基于Dy:Ln2O3-Al2O3体系的微下拉法高通量晶体制备筛选及直接泵浦实现高功效黄光激光的研究

Yellow laser is located in the sensitive band of human eyes, which has found many important potential applications in the fields of biomedicine, laser display and military etc. The visible lasers such as red, green and blue lasers have been achieved through LD pumping and double-frequency techniques, but only yellow lasers can't be realized directly by these methods owing to lack of relative fundamental frequency light. Therefore, we bring forward to Dy3+ activated Ln2O3-Al2O3 binary system crystals to achieve all-solid yellow laser under blue LD pumping directly. This binary system owns the following advantages: high dielectric coefficient, broad band gap, high thermal conductivity, and low maximum phonon energy, etc. Furthermore, bulk single crystals of them are relatively easy to obtain by the micro-pulling-down method and the Czochralski technique because most of the binary system crystals melt congruently. .In this project, firstly, 4f orbital hybridization model is built on the basis of Dy3+ activated Ln2O3-Al2O3 binary system, the crystal structure and elements are designed and the high-throughput crystal growth by using the micro-pulling-down method is carried out, and then their structure and defects analyses, physicochemical and spectral properties characterization are presented. The emphasis is to study on the relationship between the crystal structures and characterizations, and present the theoretical and experimental researches on the energy levels outcoupling by co-doping with other kinds of sensitization ions, and thus regulate the emission peaks and improve the fluorescence quantum efficiency within the yellow emission bands. Next, 2~3 kinds of appropriate crystals are screened and optimized, and the large-sized crystals with high optical quality are obtained by the Czochralski technique. Finally, laser cavity and the coating film parameters are designed and the stable yellow laser with high efficiency is achieved under LD pumping, and further providing foundation for their reality applications.

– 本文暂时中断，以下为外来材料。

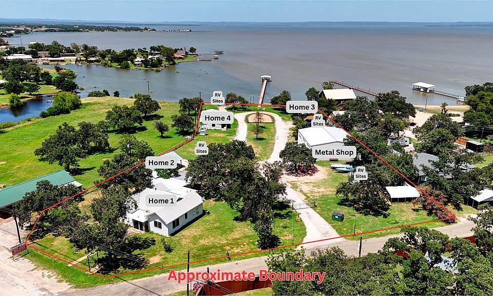 Lake Buchanan - Income producing property - priced below recent appraisal! Unrestricted 2.38-acres with 262 feet of prime Lake Buchanan frontage (5 mile view across open water). This income-producing property is perfect as a family getaway, vacation rental, or investment opportunity. Features: Primary Home: 1950s vintage with original oak hardwood floors and large addition with expansive kitchen/living area. House 2: 3/2 MH with open living/dining/kitchen, wrap-around porch, and lake views House 3: 3/2 MH with 2 living rooms, wrap-around porch, and lake views House 4: 1/1 site-built with covered porch and parking All homes have central heat/air and are in excellent condition. Most currently leased. Additional investment amenities: 14 RV sites with full hookups and individual electric meters Massive metal shop with 3 roll-up doors and office. Fenced with electric security gate Cement bulkhead, pier, and boat ramp for easy lake access Private well plus 2 community water taps, approved septics, paved driveway, planted oak & cypress trees and sand volleyball court. Conveniently located on the SW end of the lake near Highways 1431 & 29, just 90 minutes NW of Austin & San Antonio. High potential for rental income with room to grow. Recent title work and LCRA septic approval - this place is ready for a new owner! Value added property - possibly one of the best live water deals in Central Texas, come see!

黄光激光位于人眼敏感波段，在生物医学、激光显示和军事等领域具有重要的应用。通过对LD泵浦的晶体进行倍频已获得红、绿、蓝等可见光波段的激光输出，唯独黄光激光因缺少相应的基频光而无法倍频直接实现。本项目拟采用蓝光LD抽运Dy:Ln2O3-Al2O3晶体直接实现黄光激光。该体系具有介电常数大、带隙宽、热导率高、声子能量低等优点，而且大多同成分熔化，采用微下拉法或提拉法较易获得优质晶体。首先，基于该二元体系构建4f轨道杂化模型进行结构选型和组成设计，然后采用微下拉法高通量制备晶体光纤，研究其结构、缺陷、物化和光谱性能等，重点是研究晶体结构与性能之间的关系，并共掺其它敏化离子进行能级耦合的理论及实验研究，进行量子剪裁，调制黄光峰值波长，提高发光量子效率。接着从中筛选优化出2~3种合适的晶体类型，采用提拉法生长出大尺寸高质量晶体。最后设计激光腔和膜系参数，利用LD泵浦直接实现高效、稳定的黄光激光输出。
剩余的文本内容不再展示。